Edward Helmore in New York 

TikTok suing Trump administration over executive order

App says in blogpost it strongly disagrees with White House position that it is a national security threat
  
  

TikTok, which is owned by China-based ByteDance, announced over the weekend it planned to challenge the ban and said it ‘strongly disagreed’ with concerns raised by Trump and his executive order.
TikTok, which is owned by China-based ByteDance, announced over the weekend it planned to challenge the ban and said it ‘strongly disagreed’ with concerns raised by Trump and his executive order. Photograph: Chris Delmas/AFP/Getty Images

TikTok, the fast-growing video sharing app, announced it was suing the US government on Monday over an executive order banning transactions with the Chinese company in the US.

In a blogpost, TikTok said it strongly disagreed with the White House’s position that the company was a national security threat, saying it had “taken extraordinary measures to protect the privacy and security of TikTok’s US user data”.

The company said the administration has ignored its “extensive efforts” to address its concerns. “We do not take suing the government lightly,” TikTok said. “But with the executive order threatening to bring a ban on our US operations ... we simply have no choice.”

TikTok, which is owned by China-based ByteDance, announced over the weekend it planned to challenge the ban and said it “strongly disagreed” with concerns raised by Trump and an executive order issued on 6 August that set in motion a 45-day period for TikTok to find a buyer for its US operations.

The company said it was “shocked” by the order, which it said was issued “without any due process”. A subsequent executive order provided a 90-day deadline for the transaction to be completed.

Over the past month several US tech companies, including Microsoft, Twitter and Oracle, have expressed interest or announced talks with ByteDance to acquire some TikTok’s operations outside China. None have indicated that a deal is close to being reached.

The move coincides with the first day of the Republican national convention, which is likely to prominently feature the president’s “tough on China” re-election platform.

“We are coming hard at the China virus,” Peter Navarro, the White House trade adviser, told Fox News Sunday, adding that Americans are “going to hear from Donald J Trump is how we are going to fight China and the China virus”.

That prompted a sharp response from China’s foreign ministry, which said today that some American politicians had “attempted to strangle” TikTok, WeChat, Huawei Technologies and other Chinese companies.

“China supports the relevant Chinese companies using legal weapons to safeguard their legitimate rights,” said Zhao Lijian, ministry spokesman.

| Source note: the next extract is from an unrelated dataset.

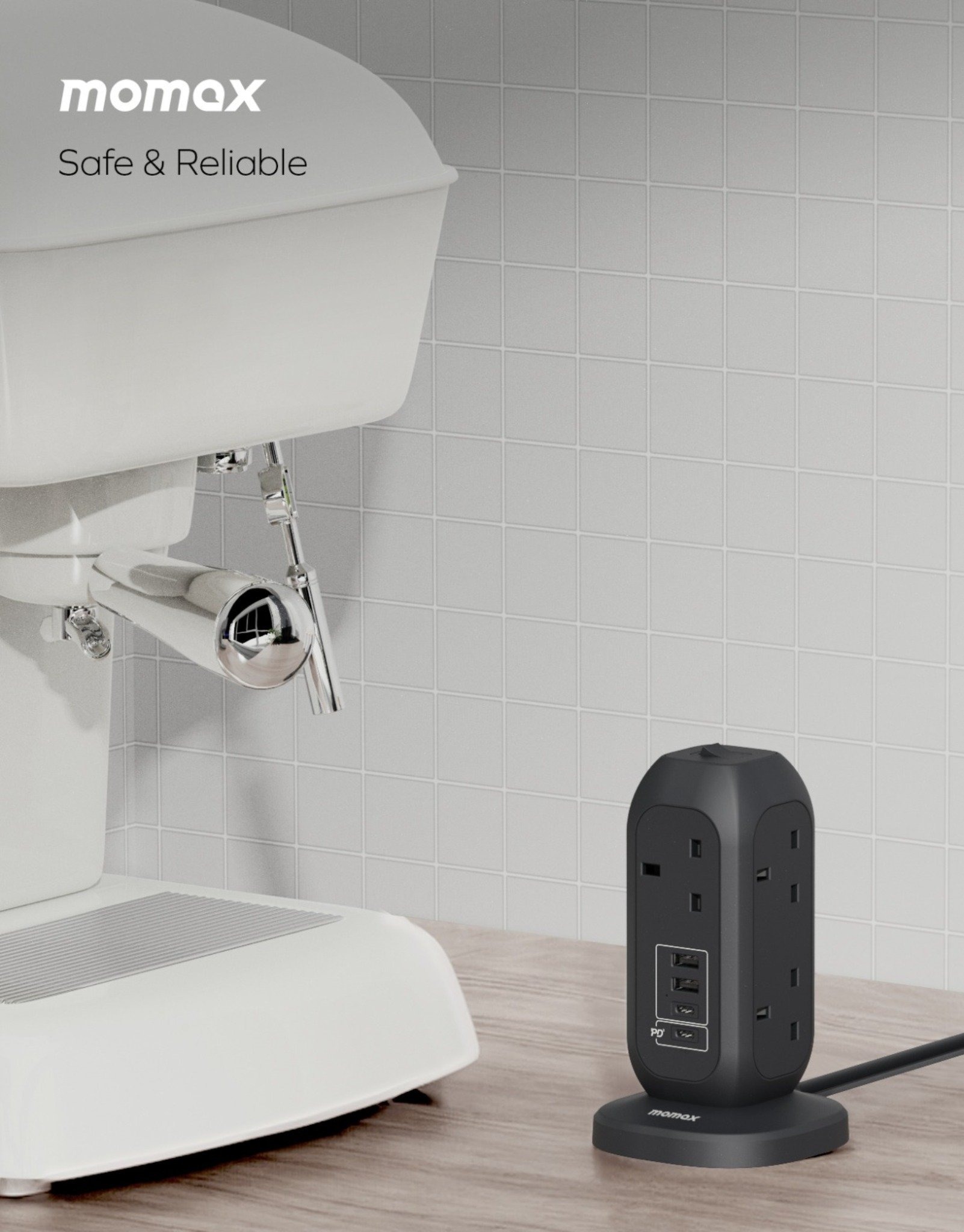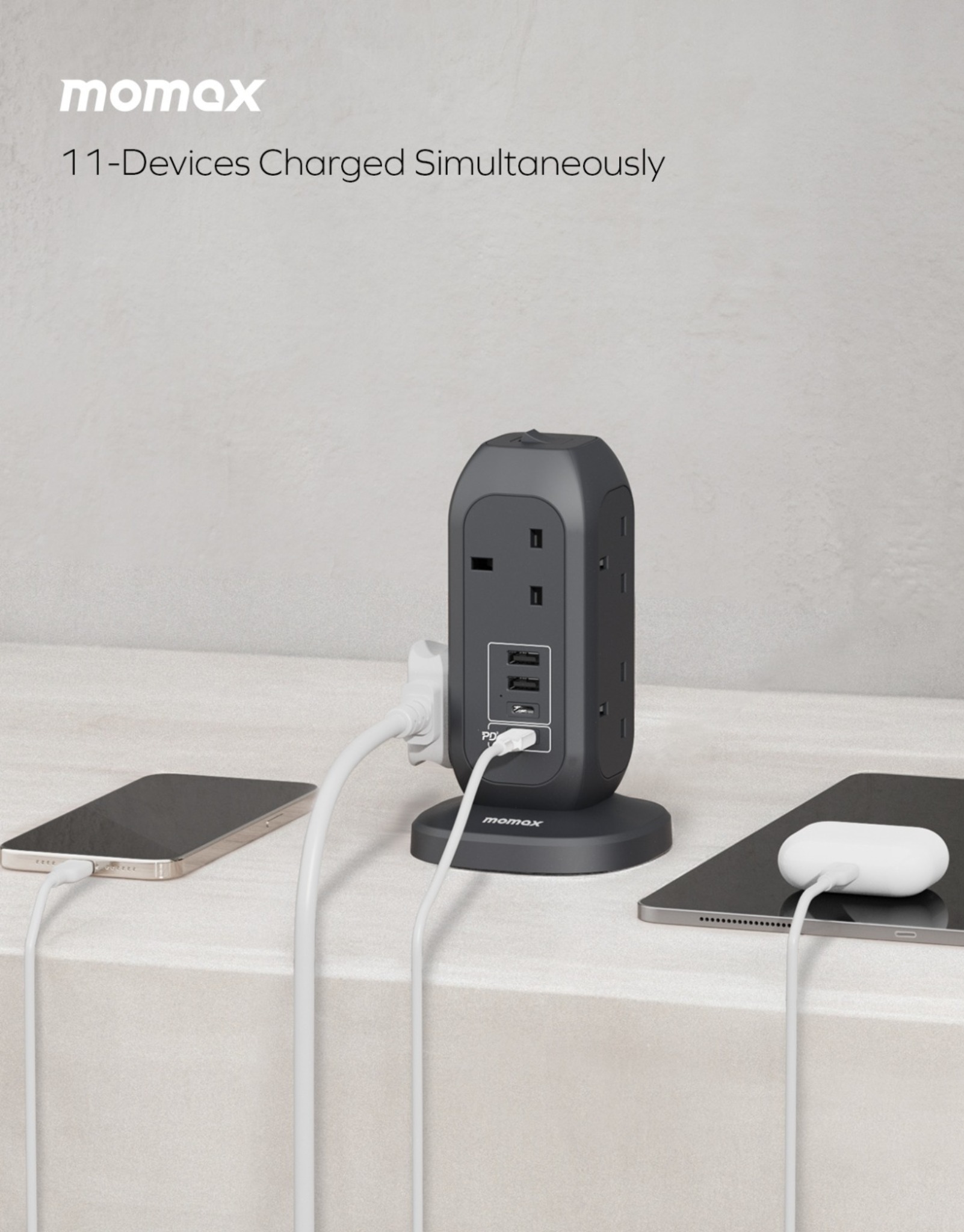 慳位充電快,安全可靠。US18帶有7個AC插頭和4個快充USB 端口,其中 1個更支援PD3.0 USB-C 端口。 提供高速充電性能並為您的設備實現快速充電。 直立式設計可以幫助您節省家中的空間,作為家中多種家電和電子產品的充電樞紐,可以同時為多達11台設備提供穩定和快速的功率輸出

He said that US efforts to decouple US and China’s trade links “to solve one country’s own problem are like ‘drinking poison to quench thirst’”.

TikTok, which has about 100m US users, “sought to engage in good faith to provide a constructive solution” for nearly a year, the company told the Verge on Sunday.

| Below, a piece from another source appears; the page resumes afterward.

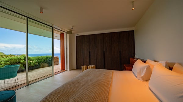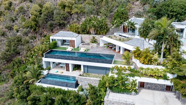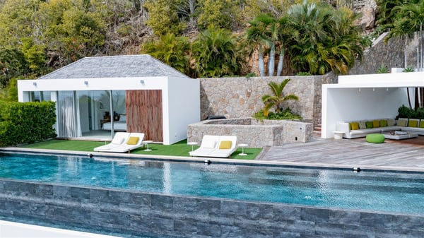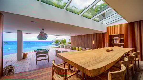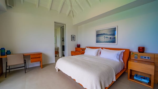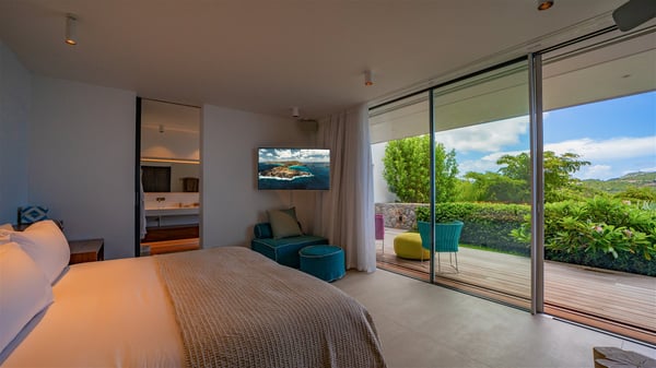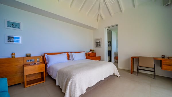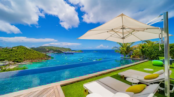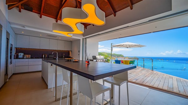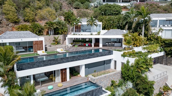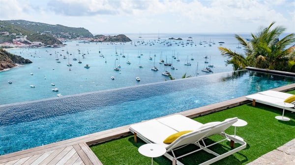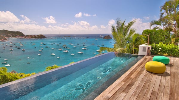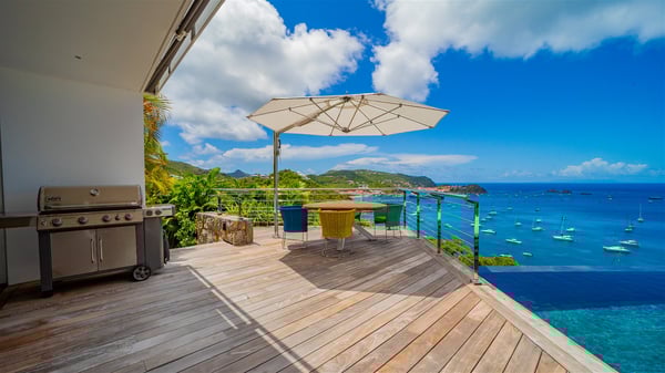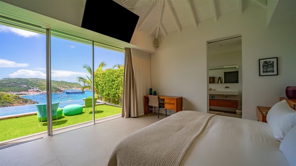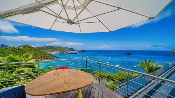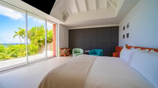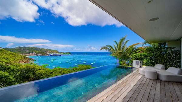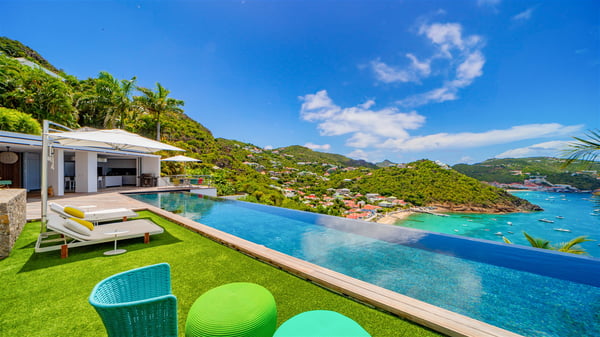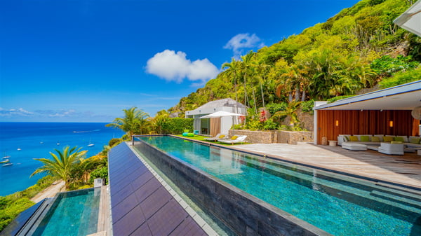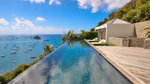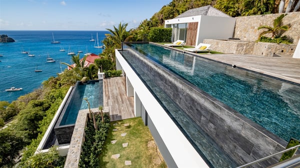 The villa rental Infra is a magnificent four-bedroom property located in Corossol, offering a breathtaking ocean view. With its two swimming pools and bright spaces amidst a lush environment, Infra is the perfect place for a unique stay for eight people in St-Barths. Designed over three levels on the cliffside, villa Infra overlooks the charming harbour of Corossol with its boats sailing on the sparkling waters. Its wide living area is divided into several comfortable zones, including a luxurious lounge with sofas and benches facing the stunning ocean view and the glorious sunset, a dining room with a raw-wood table for twelve guests, and a fully equipped kitchen with a dining area. The living room opens onto the main terrace with a swimming pool and a perfect horizon view, creating a paradisiacal atmosphere and a very private ambiance. A second lounge is located at the back, featuring comfortable sofas and a large HD screen for delightful movie nights. In the Caribbean beauty swept by the gentle trade winds, villa Infra is an ode to relaxation in the most luxurious setting. At the front, the terrace of Villa Infra offers a spectacular panoramic view. On the main level, the large heated swimming pool is equipped with comfortable loungers for pleasant sunbathing sessions. At the end of the terrace near the outdoor barbecue, you'll find a lovely table with colourful chairs under a parasol, perfect for talking over a coffee while admiring the glowing sunset. A second terrace with a smaller, heated swimming pool is on the lower level, accessible via a staircase, in the lush vegetation and palm trees with beautiful leaves. The vacation rental Infra consists of four air-conditioned bedrooms with beautiful sea views. All feature king-size beds, en-suite bathrooms, small desks or lounge areas, and open onto the terraces. One of them is on the main level with pool access, the second is on the upper level accessible via a staircase, and the other two are on the lower level near the second pool, accessible via a staircase from the main terrace. In an exceptionally beautiful setting, the villa rental Infra is the perfect place for a luxurious stay for eight people in St-Barths.

“What we encountered instead was a lack of due process as the administration paid no attention to facts and tried to insert itself into negotiations between private businesses.” The company said it was left with no choice but to mount a legal challenge to the order.

The mounting dispute comes as the Wall Street Journal reported Monday that Facebook’s chief executive, Mark Zuckerberg, sought to raise concern about the threat from Chinese tech companies, specifically TikTok, during a speech about freedom of expression in Washington DC last year.

Zuckerberg repeated the message in behind-the-scenes meetings with officials and lawmakers, the paper reported, and at a private dinner at the White House in last October.

Soon after the Arkansas Republican senator Tom Cotton and the New York Democratic senator Chuck Schumer wrote a letter to intelligence officials demanding an inquiry into TikTok. The Trump administration then began a national security review of the company.

Facebook, which has spent more on lobbying than any other single company in the first six months of 2020, according to data from the Center for Responsive Politics, stands to gain from federal action against Chinese tech firms: it recently launch a video-streaming app, Facebook Live Video, to compete with TikTok.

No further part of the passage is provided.